Israel develops an easier and cheaper way to diagnose tuberculosis 

Israel develops an easier and cheaper way to diagnose tuberculosis 

Tuberculosis (TB) is an infectious disease usually caused by Mycobacterium tuberculosis bacteria that generally affects the lungs but can also wreak havoc on other parts of the body. 

Most infections are not symptomatic, but about 10% of latent infections progress to active disease which – if left untreated – kills about half of those who were infected. 

Typical symptoms of active TB are a chronic cough with bloody  mucus, fever, night sweats and weight loss. It was historically called “consumption” due to the victim’s weight loss. 

It is not often seen in Western societies – 95% of cases occur in the developing world. Cases most frequently occur in South-East Asia (44%), Africa (24%) and the Western Pacific (18%), with more than 50% of cases being diagnosed in eight countries – India (27%), China (9%), Indonesia (8%), the Philippines (6%), Pakistan (6%), Nigeria (4%) and Bangladesh (4%). 

About 10 million people get TB in an average year, with 1.4 million dying of the disease. Some one-third of the world population is estimated to be infected by tuberculosis bacteria. Since 1993, the World Health Organisation (WHO) has defined tuberculosis as a “global health emergency.” Effective treatment for tuberculosis is available, but diagnosis remains a roadblock, with around three million cases missed annually.
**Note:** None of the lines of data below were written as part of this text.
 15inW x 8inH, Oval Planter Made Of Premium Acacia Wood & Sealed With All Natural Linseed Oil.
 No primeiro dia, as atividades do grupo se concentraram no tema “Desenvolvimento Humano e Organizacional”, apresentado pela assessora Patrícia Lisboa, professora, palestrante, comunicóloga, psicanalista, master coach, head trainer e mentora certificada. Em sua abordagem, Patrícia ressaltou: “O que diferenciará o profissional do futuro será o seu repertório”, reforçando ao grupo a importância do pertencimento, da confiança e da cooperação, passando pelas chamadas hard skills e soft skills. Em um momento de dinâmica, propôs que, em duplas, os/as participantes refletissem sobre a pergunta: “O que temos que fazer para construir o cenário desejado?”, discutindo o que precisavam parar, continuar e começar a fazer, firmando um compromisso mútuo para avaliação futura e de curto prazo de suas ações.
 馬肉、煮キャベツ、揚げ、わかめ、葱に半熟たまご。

The disease is transmitted from one person to the next through the air when people who have active TB in their lungs cough, spit, speak or sneeze. People with latent TB do not spread the disease. Active infection occurs more often in people with HIV/AIDS and in those who smoke. Diagnosis of active TB is based on chest X-rays, as well as microscopic examination and culture of body fluids. Diagnosis of latent TB relies on the tuberculin skin test or blood tests. 
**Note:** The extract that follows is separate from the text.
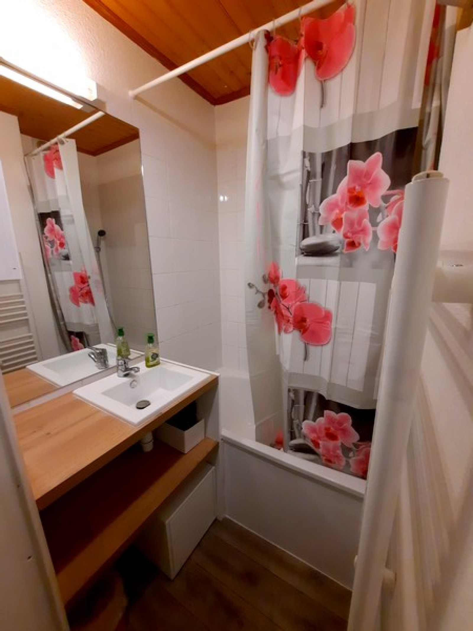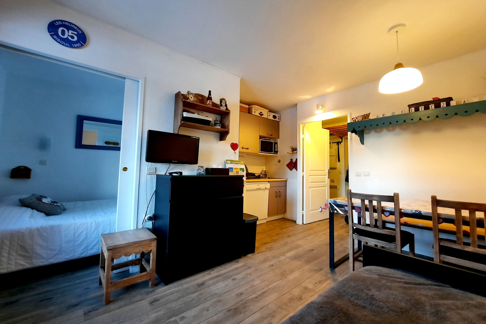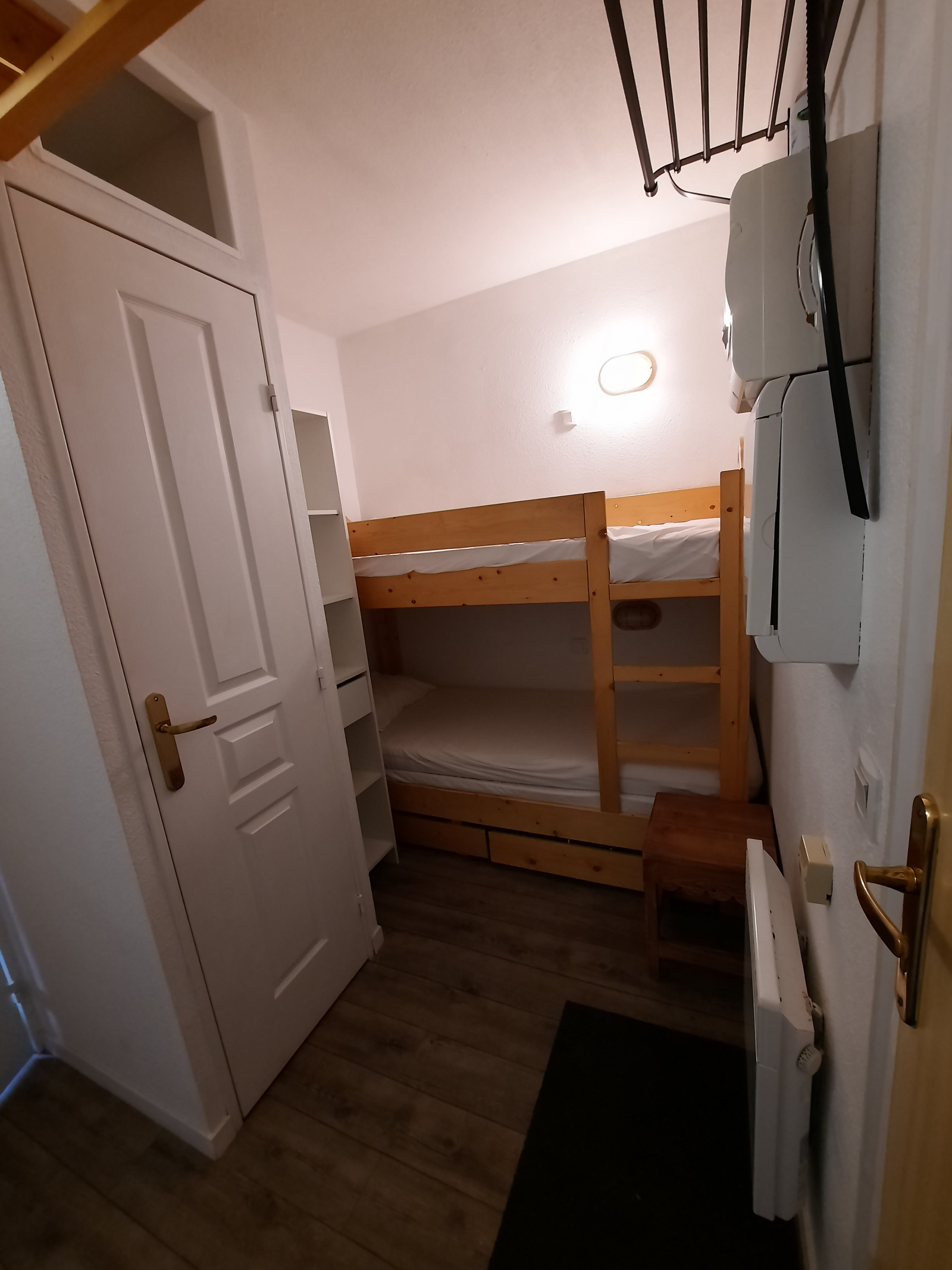 De 4 à 6 couchages, il est composé de : une entrée, un coin-montagne avec deux lits superposés, un WC indépendant, une salle de bains avec sèche-serviette, un séjour avec coin-cuisine entièrement équipée (four/micro-onde, frigo, lave-vaisselle, grille-pain, appareils à raclette/fondue ...), un balcon exposé Nord, un canapé convertible, une chambre indépendante avec un lit double et fenêtre + TV.
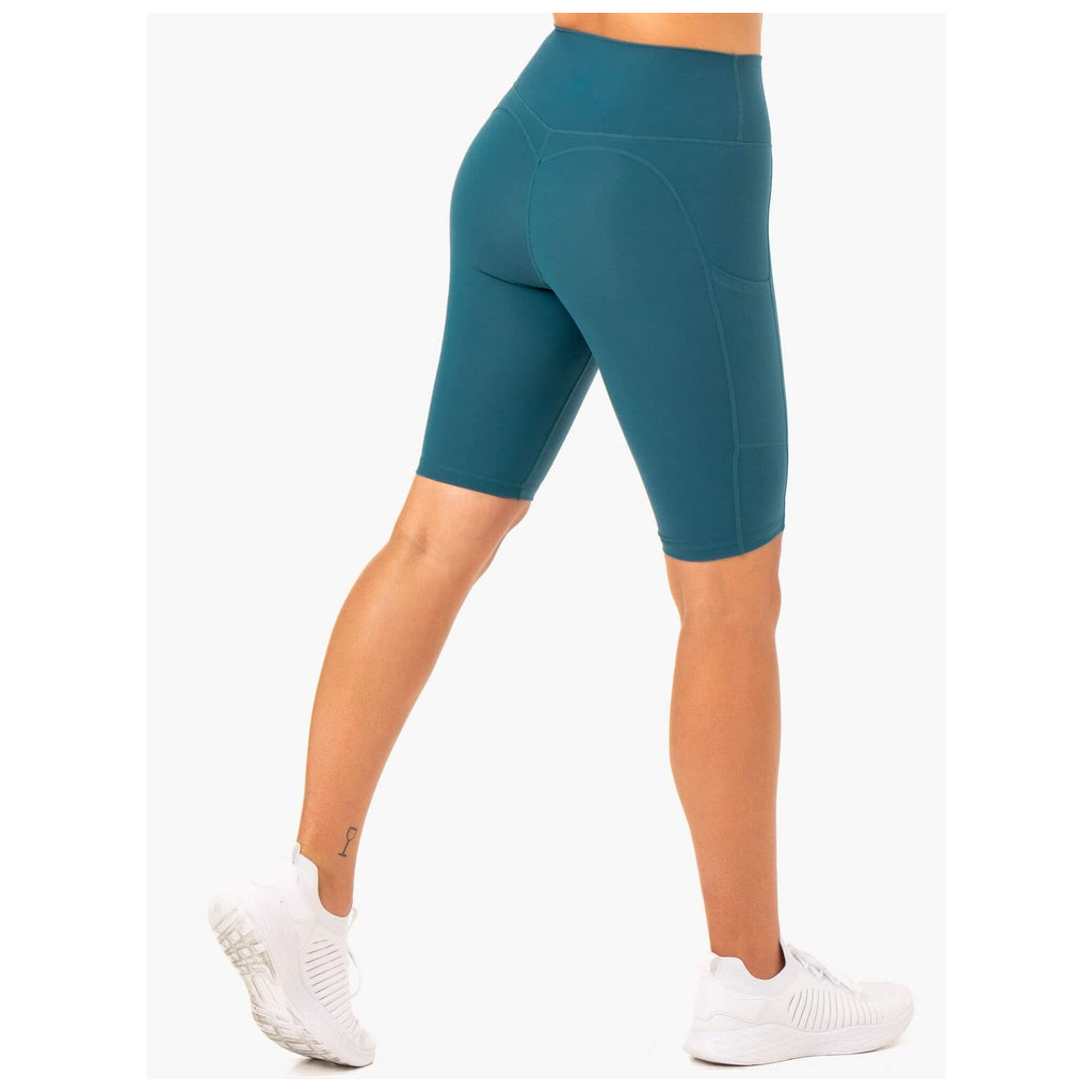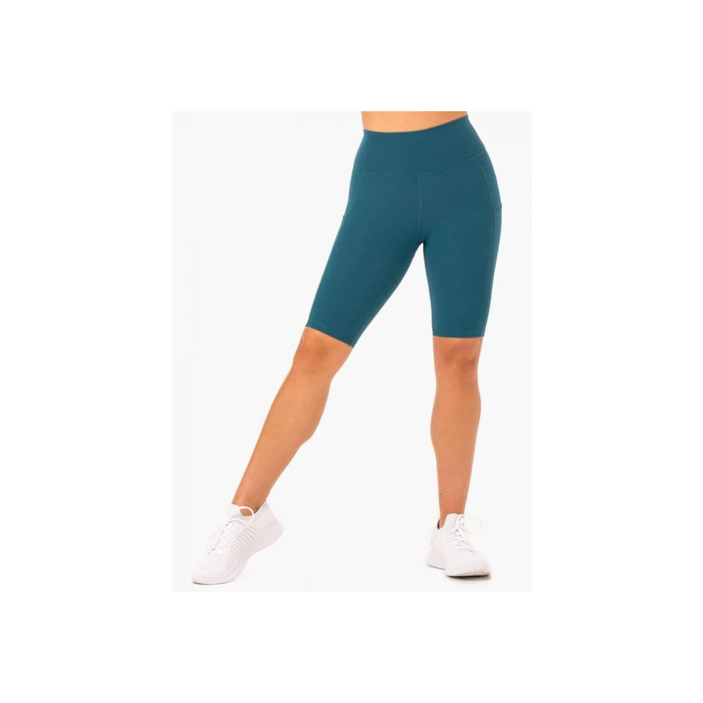 Dámske biker šortky s vreckami a vysokým pásom Reset Teal - Ryderwear

WHO regards a fast, cheap, and efficient tuberculosis test as crucial to fighting the disease The spread of TB requires screening those at high risk, early detection and treatment of cases and vaccination with the bacillus Calmette-Guérin (BCG) vaccine. 

 

Since early symptoms are not specific, diagnosis is complicated and currently existing diagnostic methods are slow and at times too expensive or complicated for poor countries. It is particularly difficult to diagnose in children and in people infected with HIV. 

 

For example, a sputum smear ($2.60 to $10.50 per examination) is too expensive in places where people live on a dollar a day, while a mycobacterial culture test takes four to eight weeks and at least three visits by the patient to finalize the diagnosis and begin treatment.

 

Now, scientists at the Technion-Israel Institute of Technology in Haifa are making it much easier to identify TB patients – and it will save lives. They developed a novel means of diagnosing the disease by means of a sticker patch that catches compounds released by the skin. Using an artificial intelligence (AI) analysis of these compounds, the scientists were able to provide a quick, non-invasive diagnosis. The research was recently published in the Advanced Science under the title “Profiles of Volatile Biomarkers Detect Tuberculosis from Skin.”  In the future, the Haifa team plan to integrate the sensors into the patch and use a smartphone to read its results.

 

The team in Prof. Hossam Haick of the Chemical Engineering Faculty conducted the ground-breaking research, creating a sticker patch that is attached to the patient’s arm, Led by Dr. Rotem Vishinkin, the group created the patch that includes a pouch of absorbing material. 

 

A device based on this proof-of-concept study, called A-patch, is already undergoing clinical trials. “Our initial studies, done on a large number of subjects in India and in South Africa, showed high effectiveness in diagnosing TB,” Vishinkin explained, with over 90% sensitivity and over 70% specificity. Sensitivity (a true-positive rate) measures the proportion of positives that are correctly identified, meaning the proportion of those who have some condition who are correctly identified as having it. Specificity (true-negative rate) measures the proportion of negatives that are correctly identified (i.e. the proportion of those who do not have the condition (unaffected) who are correctly identified as not having the condition).

 

The approach relies on TB-specific volatile organic compounds (VOCs) that are detected and quantified from the skin. A specifically designed nanomaterial-based sensors array translates these findings into a point-of-care diagnosis by discriminating between active pulmonary TB patients and controls who are not infected. 

“We showed that tuberculosis can be diagnosed through the compounds released by the skin. Our current challenge is minimizing the size of the sensor array and fitting it into the sticker patch,” she continued. 

 

The platform the group is developing is cheap, fast and simple in its use and requires no specially trained personnel. They hope the same technique and platform could in the future be used to diagnose other diseases and conditions, making effective diagnosis accessible to remote areas in the world.

 

The clinical studies were conducted in the University of Cape Town and Groote Schuur Hospital, South Africa, the All-India Institute of Medical Sciences, India, and the University of Latvia and Riga East University Hospital, Latvia.